> [Data provided]

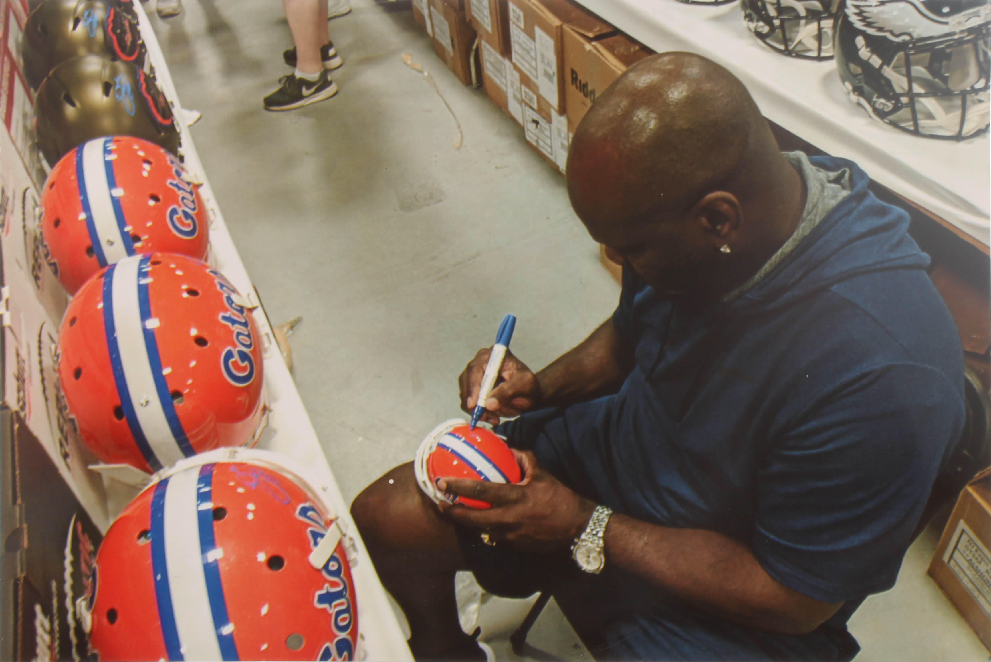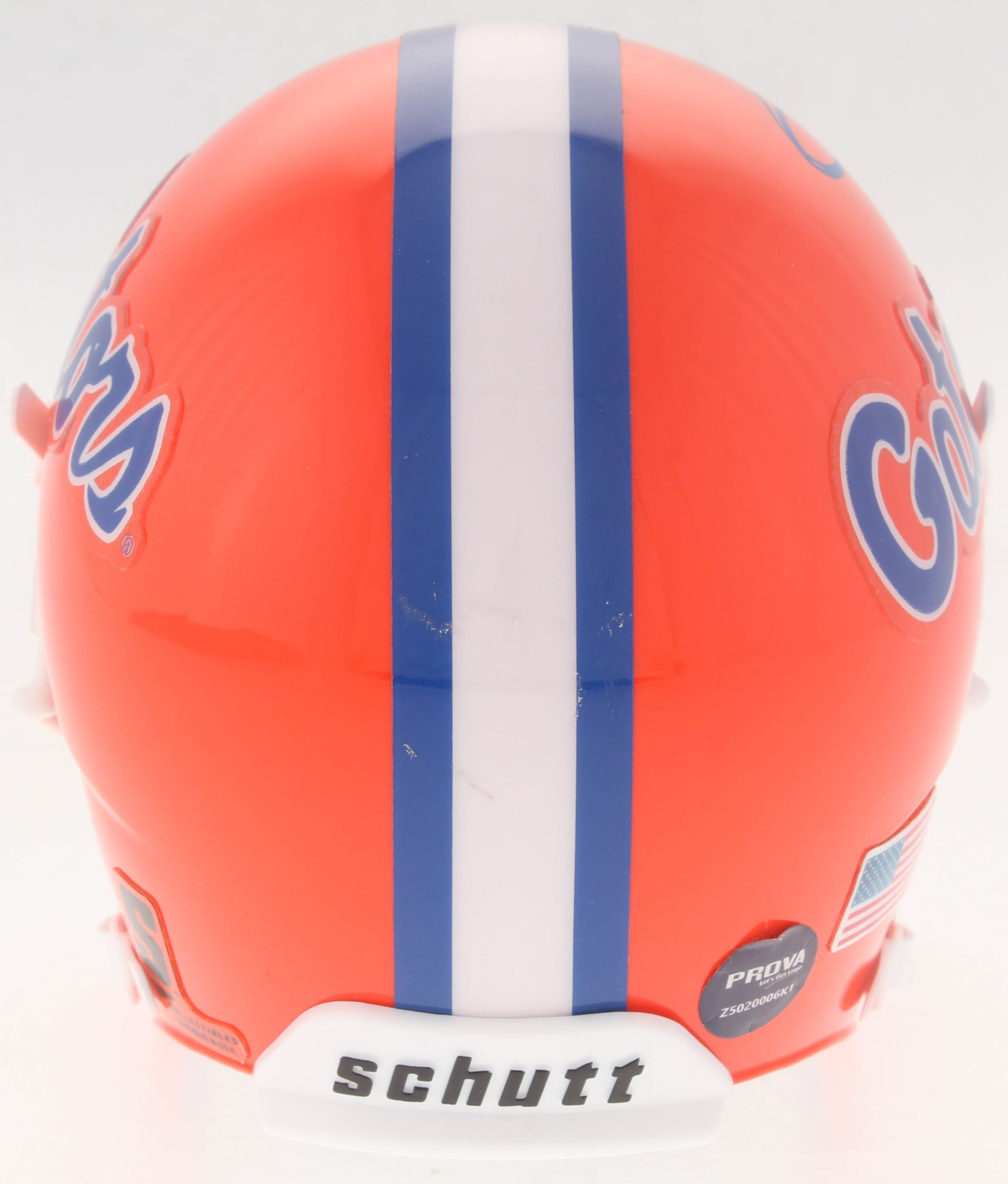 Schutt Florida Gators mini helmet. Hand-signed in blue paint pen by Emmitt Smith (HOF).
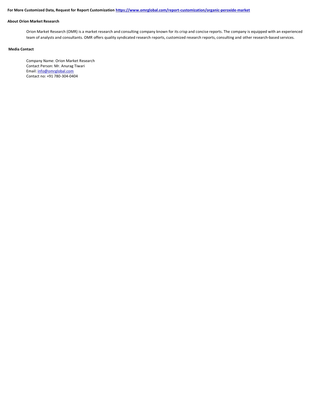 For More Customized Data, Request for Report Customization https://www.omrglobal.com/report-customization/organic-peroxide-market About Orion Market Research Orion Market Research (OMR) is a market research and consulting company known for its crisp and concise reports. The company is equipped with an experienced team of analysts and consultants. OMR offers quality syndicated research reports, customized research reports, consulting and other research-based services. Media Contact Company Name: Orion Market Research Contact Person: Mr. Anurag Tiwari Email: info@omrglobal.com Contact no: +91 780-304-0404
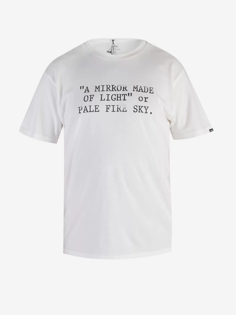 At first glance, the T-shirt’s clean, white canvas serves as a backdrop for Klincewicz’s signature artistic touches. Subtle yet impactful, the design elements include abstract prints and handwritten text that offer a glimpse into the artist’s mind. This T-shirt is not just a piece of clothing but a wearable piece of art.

--

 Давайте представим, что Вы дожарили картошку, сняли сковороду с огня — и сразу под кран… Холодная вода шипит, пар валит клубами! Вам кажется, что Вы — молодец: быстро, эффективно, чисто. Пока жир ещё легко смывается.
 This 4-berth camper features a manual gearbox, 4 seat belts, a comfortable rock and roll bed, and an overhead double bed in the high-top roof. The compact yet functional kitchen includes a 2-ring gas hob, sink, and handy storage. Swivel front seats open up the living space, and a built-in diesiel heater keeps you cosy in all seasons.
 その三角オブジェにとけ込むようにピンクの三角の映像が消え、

> [Work to complete]
Retype the portion of the data above that starts on the line with "Давайте представим, что" and finishes on the line with "その三角オブジェにとけ込むようにピンクの三角の映像が消え、", including both of those lines.

> [Answer box]
 Давайте представим, что Вы дожарили картошку, сняли сковороду с огня — и сразу под кран… Холодная вода шипит, пар валит клубами! Вам кажется, что Вы — молодец: быстро, эффективно, чисто. Пока жир ещё легко смывается.
 This 4-berth camper features a manual gearbox, 4 seat belts, a comfortable rock and roll bed, and an overhead double bed in the high-top roof. The compact yet functional kitchen includes a 2-ring gas hob, sink, and handy storage. Swivel front seats open up the living space, and a built-in diesiel heater keeps you cosy in all seasons.
 その三角オブジェにとけ込むようにピンクの三角の映像が消え、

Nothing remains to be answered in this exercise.